» ABOUT THIS EXERCISE
After finding the line with "Since Milwaukee between" in the data below, set down exactly each line through the one with "Design moderno: As", inclusive, and stop there.

*** GIVEN INFORMATION Section Begins ***

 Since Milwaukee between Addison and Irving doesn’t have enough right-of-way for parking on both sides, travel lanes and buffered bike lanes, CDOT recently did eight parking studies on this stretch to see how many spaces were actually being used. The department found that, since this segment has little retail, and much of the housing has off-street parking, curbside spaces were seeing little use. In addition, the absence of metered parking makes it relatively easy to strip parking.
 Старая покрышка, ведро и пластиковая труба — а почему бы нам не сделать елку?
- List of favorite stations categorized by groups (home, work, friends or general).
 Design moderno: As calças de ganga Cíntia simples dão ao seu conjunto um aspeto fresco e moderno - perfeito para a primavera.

*** GIVEN INFORMATION Section Ends ***
*** GIVEN INFORMATION Section Begins ***

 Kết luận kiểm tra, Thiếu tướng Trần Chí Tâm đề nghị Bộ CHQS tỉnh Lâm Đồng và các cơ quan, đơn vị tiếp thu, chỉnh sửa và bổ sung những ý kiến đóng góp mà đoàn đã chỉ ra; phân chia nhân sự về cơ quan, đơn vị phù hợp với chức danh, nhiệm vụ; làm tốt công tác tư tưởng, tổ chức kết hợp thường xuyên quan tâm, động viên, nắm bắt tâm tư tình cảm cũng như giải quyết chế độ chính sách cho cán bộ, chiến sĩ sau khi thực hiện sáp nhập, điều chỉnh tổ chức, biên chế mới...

*** GIVEN INFORMATION Section Ends ***

» PROBLEM SOLUTION
 Since Milwaukee between Addison and Irving doesn’t have enough right-of-way for parking on both sides, travel lanes and buffered bike lanes, CDOT recently did eight parking studies on this stretch to see how many spaces were actually being used. The department found that, since this segment has little retail, and much of the housing has off-street parking, curbside spaces were seeing little use. In addition, the absence of metered parking makes it relatively easy to strip parking.
 Старая покрышка, ведро и пластиковая труба — а почему бы нам не сделать елку?
- List of favorite stations categorized by groups (home, work, friends or general).
 Design moderno: As calças de ganga Cíntia simples dão ao seu conjunto um aspeto fresco e moderno - perfeito para a primavera.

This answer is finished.